Reading notes on loss functions.

Proper loss

Reference

  • Buja, A., Stuetzle, W., & Shen, Y. (2005). Loss functions for binary class probability estimation and classification: Structure and applications. https://pdfs.semanticscholar.org/d670/6b6e626c15680688b0774419662f2341caee.pdf
  • Reid, M. D., & Williamson, R. C. (2009). Surrogate regret bounds for proper losses. Proceedings of the 26th Annual International Conference on Machine Learning - ICML ’09, 1–8. https://doi.org/10.1145/1553374.1553489

This paper helped me understand the properties of “proper losses.”

TL;DR

  • A proper loss is always associated with a convex function, which is the point-wise Bayes risk.
  • The loss can be reconstructed from the point-wise Bayes risk as the Bregman divergence.
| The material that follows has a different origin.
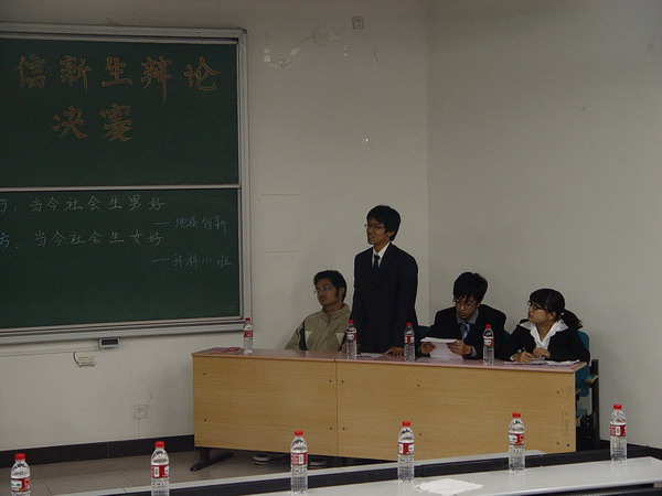 地质09创新班和环科09-1班分别针对“当今社会生男好”和“当今社会生女好”的话题展开辩论。一路坎坷的地质09创新班在经历奇迹复活并且前一场爆冷淘汰地质09-3班后,在决赛中表现的很积极主动,向对手连番发难;相比之下,之前所向披靡的环科09-1班则表现得稍显逊色。这场决赛的成功举办也给新生辩论赛画上了圆满的句号。

  • Proper losses are surrogates for 0-1-c loss (for any c).
  • Some margin losses are not proper, e.g., hinge loss.
    • Hinge loss satisfies a surrogating property specifically for c=0.5
  • weighted zero-one-like loss, and point-wise

Class conditional estimation and density ratio estimation

Reference

  • Menon, A. K., Ong, C. S., Menon, A., & Ong, C. (2016). Linking losses for density ratio and class-probability estimation. 10.

TL;DR

  • Minimizing proper loss for classification corresponds to minimizing Bregman divergence for density ratio estimation.